Город пустеет, одевается в черное и потом еще целую неделю хоронит своих мертвых.
– Сейчас, сейчас все немного успокоится, и подаю на развод. Больше так нельзя, – говорит Ираклий, и пепел с его сигареты падает на подушку…
Прошел целый год, и опять весна, и седьмой час утра, и голова кружится после бессонной ночи. На правом запястье Ираклия светлый рубец шрама. Да мы бы и так никогда не забыли. В комнате пахнет акацией, она цветет в соседнем дворе, и в ее кроне поют птицы. А ночью там разорялся соловей.
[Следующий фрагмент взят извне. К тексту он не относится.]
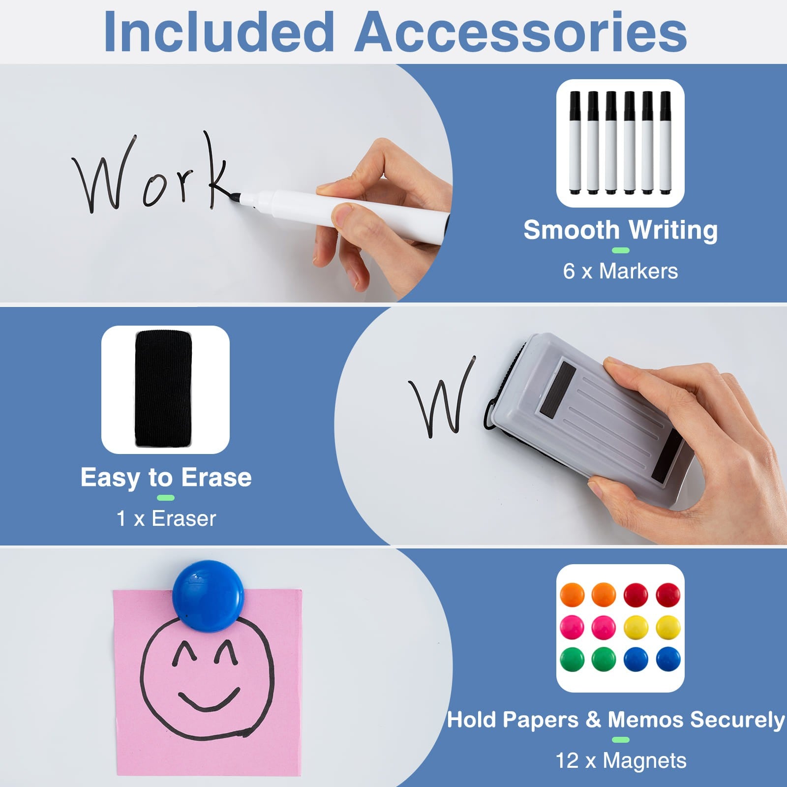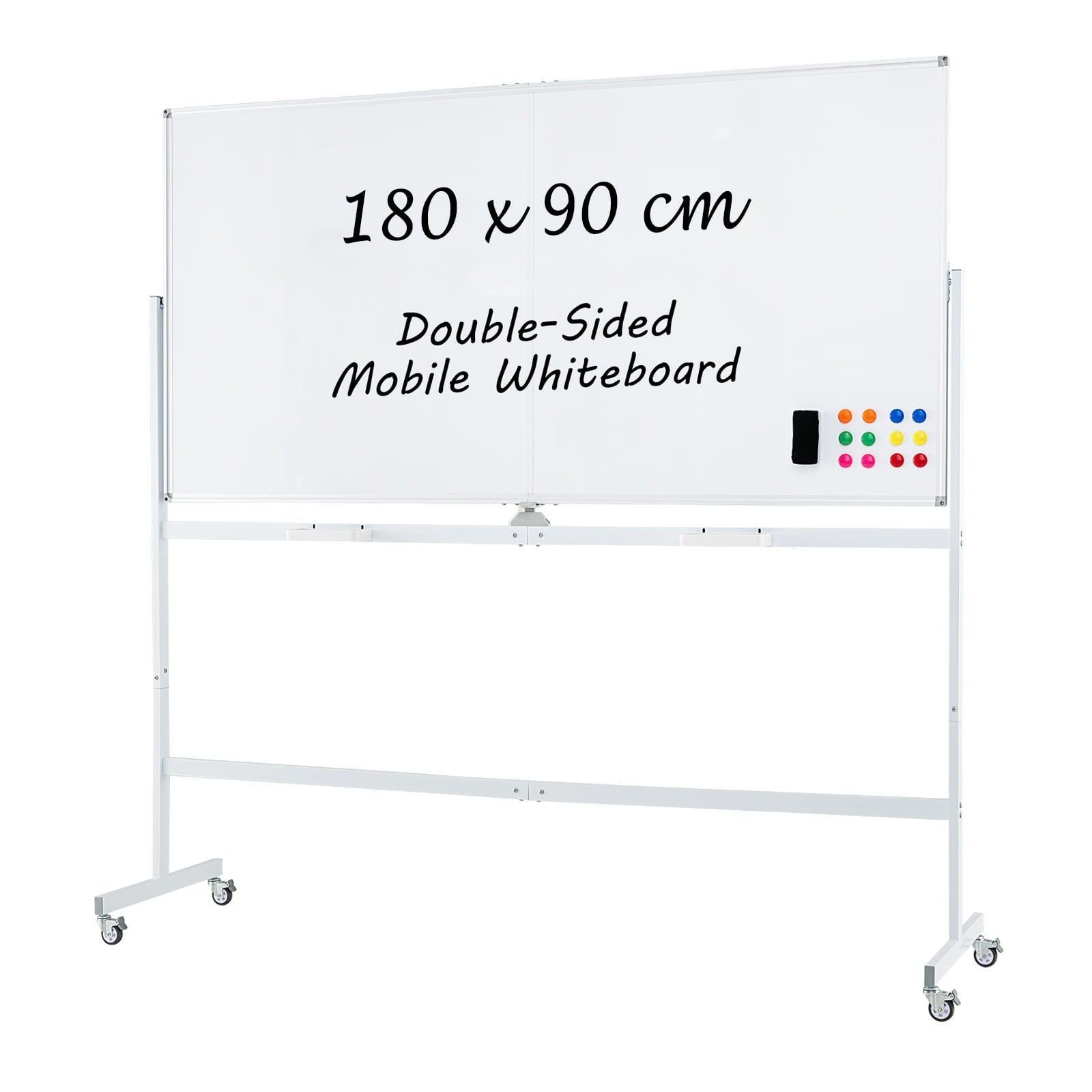 180x90CM Rolling Whiteboard on Wheels Double-Sided Magnetic Whiteboard
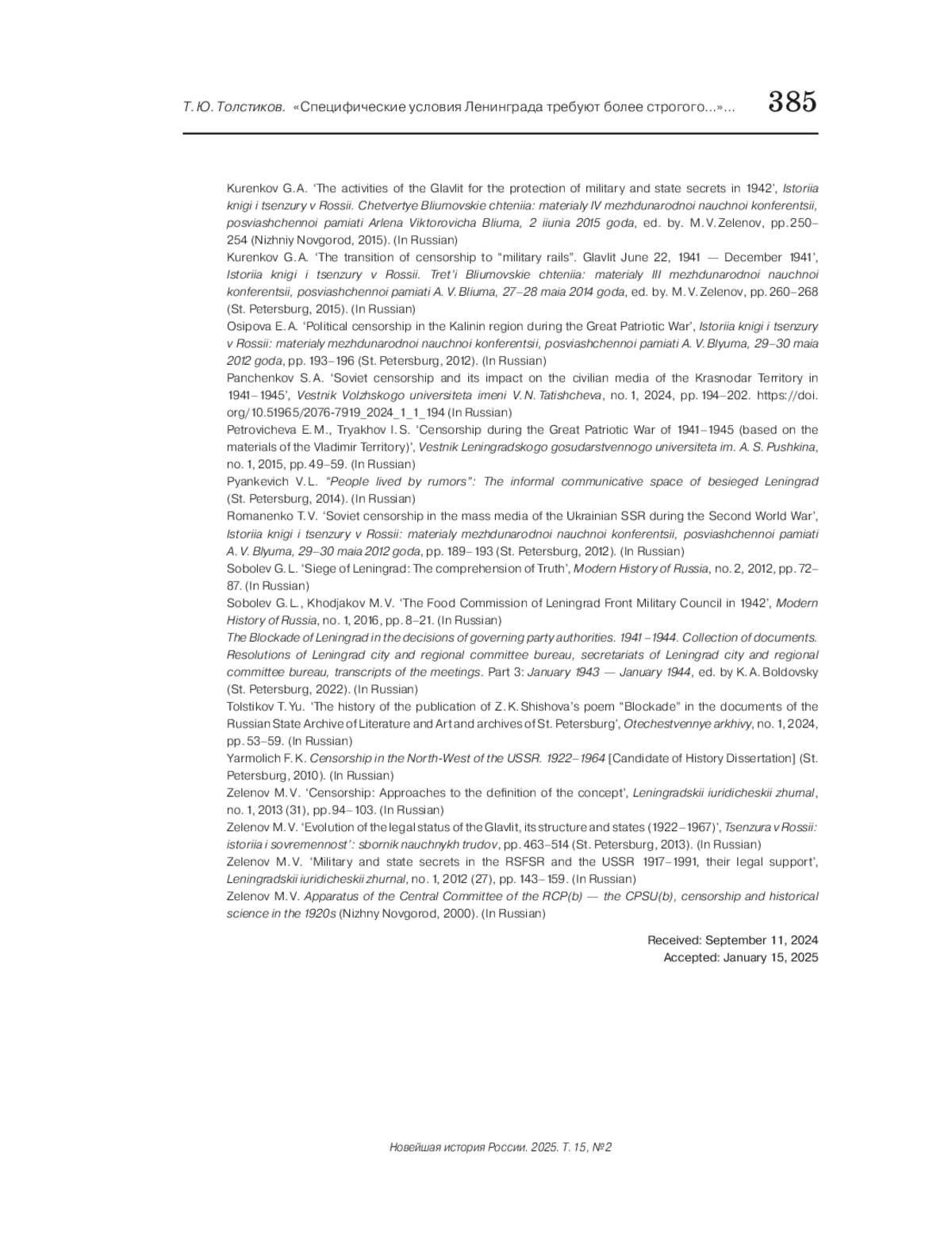 14. Куренков Г. А. Переход цензуры на “военные рельсы”. Главлит 22 июня 1941 г. - декабрь 1941 г. // История книги и цензуры в России. Третьи Блюмовские чтения: мат-лы III междунар. науч. конф., посвящ. памяти А. В. Блюма, 27-28 мая 2014 г. / науч. ред. М. В. Зеленов. СПб., 2015. С. 260-268.

Чем выше поднимается солнце, тем громче поют птицы. Такие перегонки звука и света. Даже не верится, что зима кончилась. Зима, когда батареи всегда холодные, свет гас то и дело, а с продуктами – перебои.
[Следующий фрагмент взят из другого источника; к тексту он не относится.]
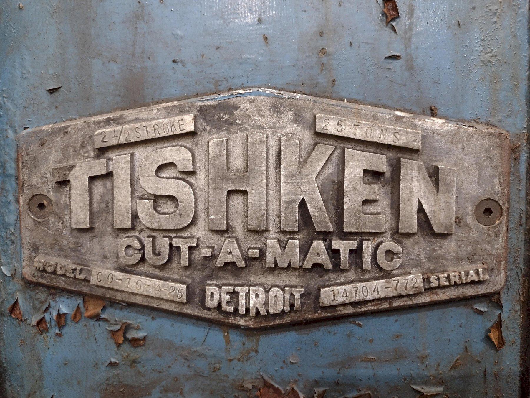 25 TON TISHKEN 4-POST CUTOFF PRESS, 2.5" STROKE: STOCK #19251
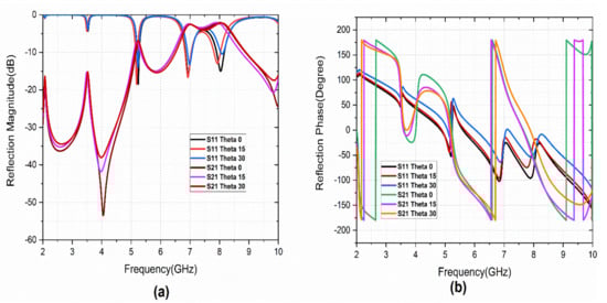The reflection characteristics of the PCRM with vertically polarized (TE) and horizontally polarized (TM) wave incident angle (theta) variation is studied. Figure 8 illustrates the reflection characteristics of the metasurface under TE incidence. It is observed that small variations in reflection magnitude and phase are observed. For these variations, a corresponding variation in S21 is also observed, which also gives the PCRM the ability to work as a polarization converter under TE incident angle variation.
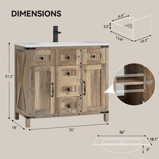 Be the first to review “36″Rustic Brown Bathroom Vanity with Ceramic Sink, Four Sliding Drawers & Door” Cancel reply
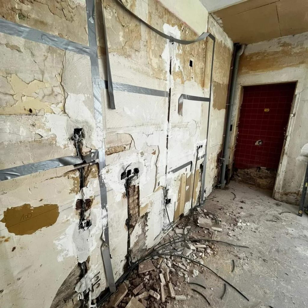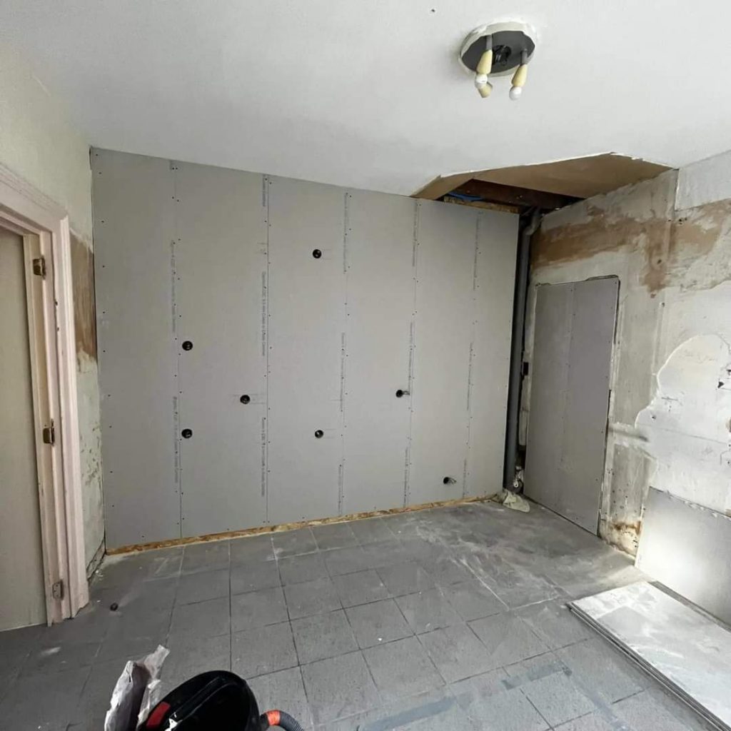 Photo avant: le client venait d’acheter une maison et devait installer sa cuisine. En démontant l’ancienne, il fait face à une mauvaise surprise, le mur vient avec… Nous intervenons donc en urgence.
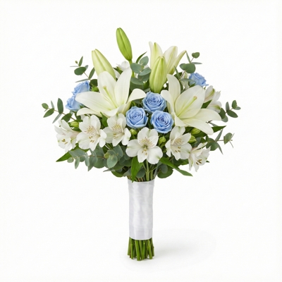 Buquê elegante composto por 3 hastes de lírios brancos, 6 alstroemérias brancas e 6 rosas spray em tom azul, complementado por 4 hastes de folhagem de eucalipto que acrescentam textura e frescor ao arranjo. A composição é equilibrada e sofisticada, transmitindo confiança, serenidade e harmonia. Perfeito para noivas que celebram uma união construída com calma, verdade e cumplicidade, com um visual leve e atemporal.

– Не успокоится, с чего бы это. Только хуже будет. Короче, не время… Вспомнят, что я, в конце концов, приезжая, оттуда…
Ираклий поворачивает голову и смотрит на меня, и пепел от его сигареты снова падает на подушку между нами.
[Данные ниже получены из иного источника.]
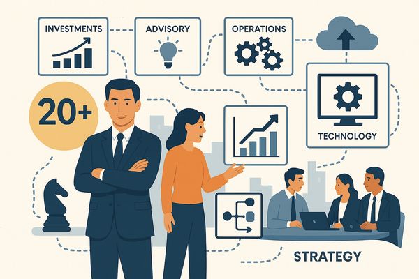 With 20+ years of experience across investments, advisory, operations, and technology, we act as the connective thread - translating business goals into platform strategy grounded in scalable infrastructure and powered by high-performing teams.
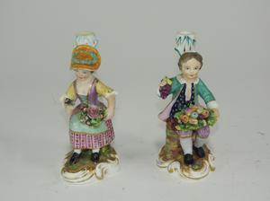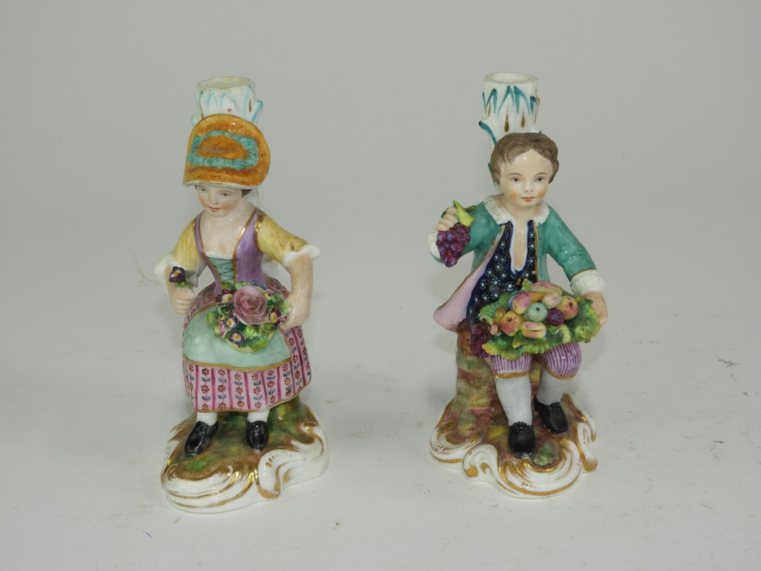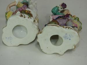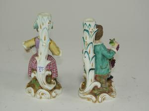 pair of handpainted porcleain figural candle sticks, ht 5 1/2"
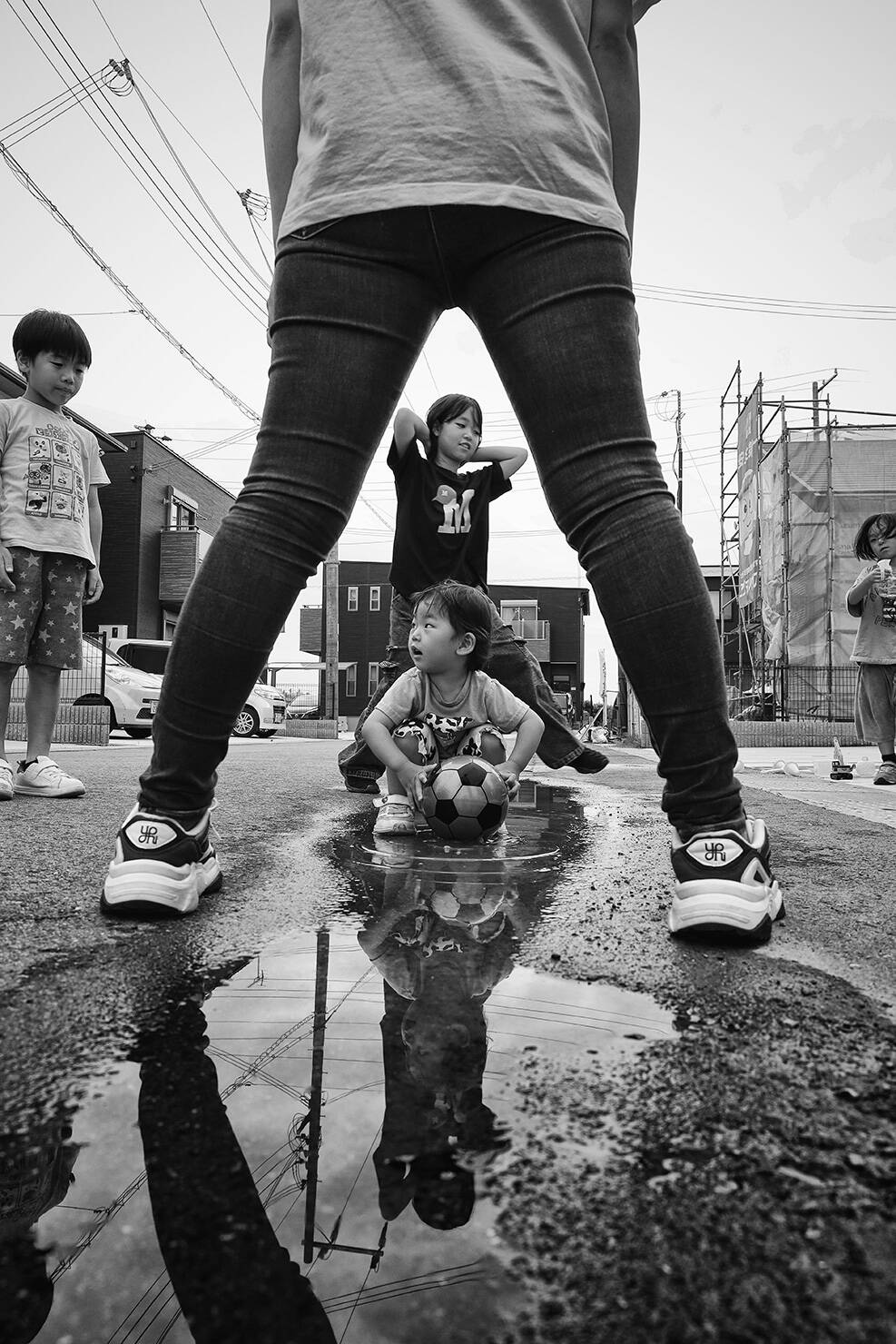 「〈みんなで遊んだ日〉は、子供の表情や仕草が全面に押し出された作品。大人の足の間から覗く、目線を低くした世界は、10代の感覚だから撮れた眩しさがあります。水溜まりに反射する写り込みや、左右に見切れた人物の写し方などの技術面でも安定感があり、モノクロの階調の出し方も自然です」(秋山)

– Разве когда-нибудь, разве кто-нибудь…
Ну, вот. Не хватало еще поссориться.
– Никогда и никто, что ты… Но пусть пока будет все как есть. У тебя каждую неделю командировки. Ты уже пропах этим самолетом. Знаешь, там, в салонах, такой особенный запах. Входишь, и тебя словно отсекает от остального мира, и ты уже часть чего-то другого…
– Да-да, замечал, знаю… Дорогая, на всякий случай, мало ли, телефоны опять не будут работать, или еще что, я приду, а тебя нет дома… Кто-то в городе всегда должен быть в курсе, где ты.
– Ну, конечно, Дочь. Это самое надежное.
Возле ступенек веранды раздается тихий стук и позвякивание.
– Слышишь, – говорит Ираклий, – это твоя Маро.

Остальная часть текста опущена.